Prospective payment plan will boost wound care
More focus on effective cures coming
Wound care professionals should welcome the changes in reimbursement resulting from provisions in the Balanced Budget Act instead of dreading them, because they provide a golden opportunity to pursue aggressive, high-end wound therapy.
That's the opinion of Kathy Schaum, MS, RD, president of Schaum Associates, a Lake Worth, FL, payment consultation company specializing in skin and wound care. "I feel this is all positive," says Schaum, who is the reimbursement consultant for Johnson & Johnson Medical. "It's a chance [for providers] to truly look at wounds, look at patients, and train staff on much more advanced wound therapy. It will save the system money, but it will also save the patient from going through long therapy."
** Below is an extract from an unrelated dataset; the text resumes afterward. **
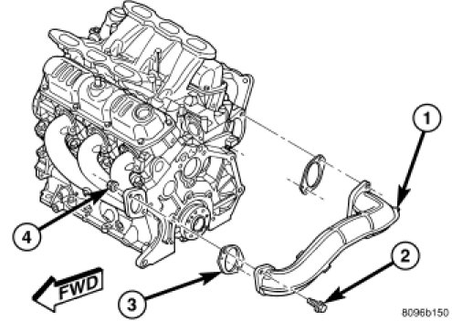 2. Using a new gasket, attach crossover pipe to exhaust manifold and tighten bolts (2) to 41 Nm (30 ft. lbs.).
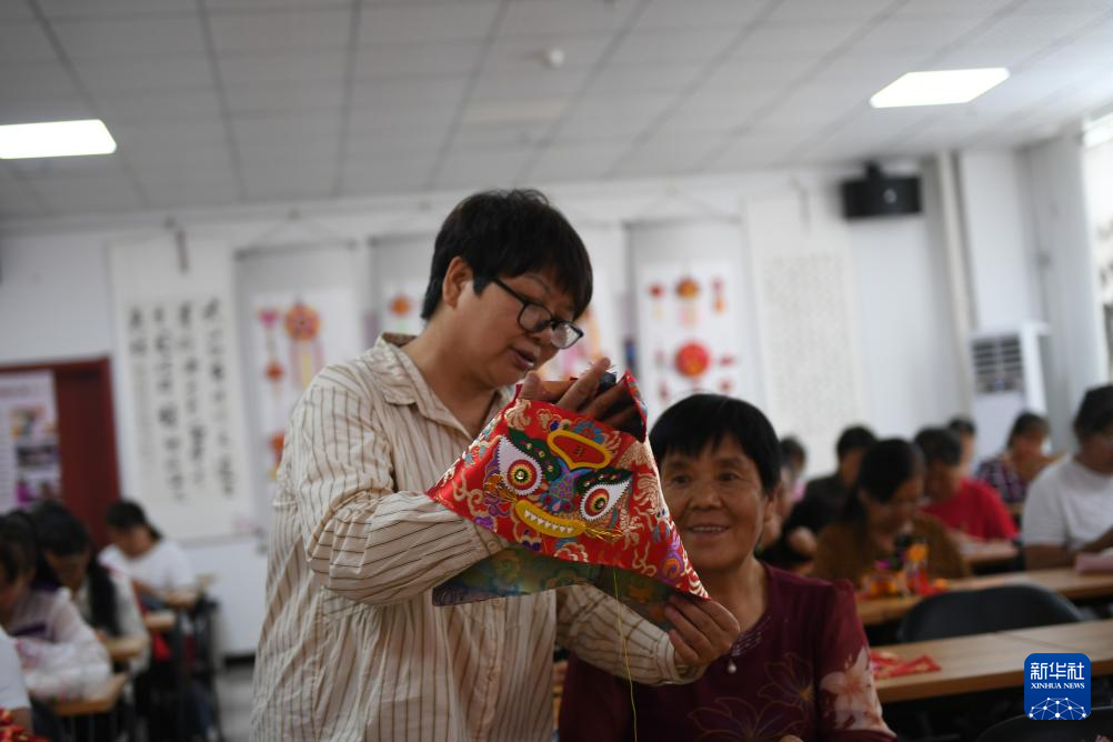 9月8日,在宝鸡西秦刺绣文化产业园,千阳继红职业技能培训学校的校长张继红(左)在指导绣娘绣制手工艺品。陕西千阳县是国家级非物质文化遗产“西秦刺绣”的重要发祥地和传承地。近年来,千阳县将西秦刺绣作为助农增收的重要产业,推动非遗项目产业化发展,助力乡村振兴。

SNFs have the opportunity now to manage their own wound care, says Schaum. "In the past, SNFs have had outside companies managing their wound care. Very often, dressings and therapies were selected for the lowest cost but the highest reimbursement, and the nursing homes weren't totally in charge of making those decisions."
Before, many nursing homes had an outside, third-party biller do their billing, so it wasn't their main focus. "Now the entire rate they get paid is dependent on assessing patients early, getting therapy started, and doing it quickly and efficiently," Schaum explains. "The incentive is to do the protocols correctly, using a standardized formula. They don't want to [treat] with old-fashioned betadine and gauze because it takes too long."
Because SNFs will now be paid based on the patient's acuity (when it's highest, they make the most money and as the patient gets better, they make less), the incentive is to focus on healing that patient when he or she is in the most acute phase, Schaum points out.
In such a scenario, everybody wins, Schaum says. "The patient wins, and the facility wins because of the payment program and because the outcomes will be great." That's particularly important because of the requirement that Minimum Data Set-II (MDS-II) data set information and Resource Utilization Groups III (RUGs III) information be sent to the state government, she notes. "Your data will be compared with somebody else's who sees the same types of patients." (For more details on the MDS-II, see story, below.)
To survive the interim and prospective payment systems, home health agencies must become very efficient, complete the care in as few visits as possible, and empower the patient to take over his or her own care, Schaum emphasizes. As with SNFs, there's a chance to take wound care to a higher level of quality.
"The opportunity is there for a wound care specialist to go to an administrator and say, 'I know how to put in the most efficient, advanced wound care program and train an ET nurse to do the most aggressive therapy,'" Schaum suggests. Before, she adds, such a suggestion might have drawn a response like, "Our doctors say betadine and gauze are OK - and besides, more visits mean more money," but now the situation is the opposite.
"Somebody will rise up to be the owner and orchestrator of this advanced wound therapy program," she says. "It's a dream come true as far as wound care goes. A lot of agencies that wouldn't have questioned a doctor writing an order for gauze and betadine before will do so now. They won't be able to afford all those visits."
In the past, wound clinics - or what Schaum calls the "wild, wild West of reimbursement" - have been able to set their own charges without much control. But come Jan. 1, 1999, she points out, all procedures done in those clinics will fall into ambulatory procedure codes (APCs) that will determine the amount of payment.
"[Clinics] are going to have to document all the procedures they do," Schaum explains. "In the past, they could charge anything they wanted to and the patient had to pay 20% of those charges. Now the patient will only pay 20% of the rate schedule for APC."
As a result, she predicts, the clinics will become more efficient, decide early on what needs to be done, and - as with home care and SNFs - perform advanced wound therapy so wounds will heal faster.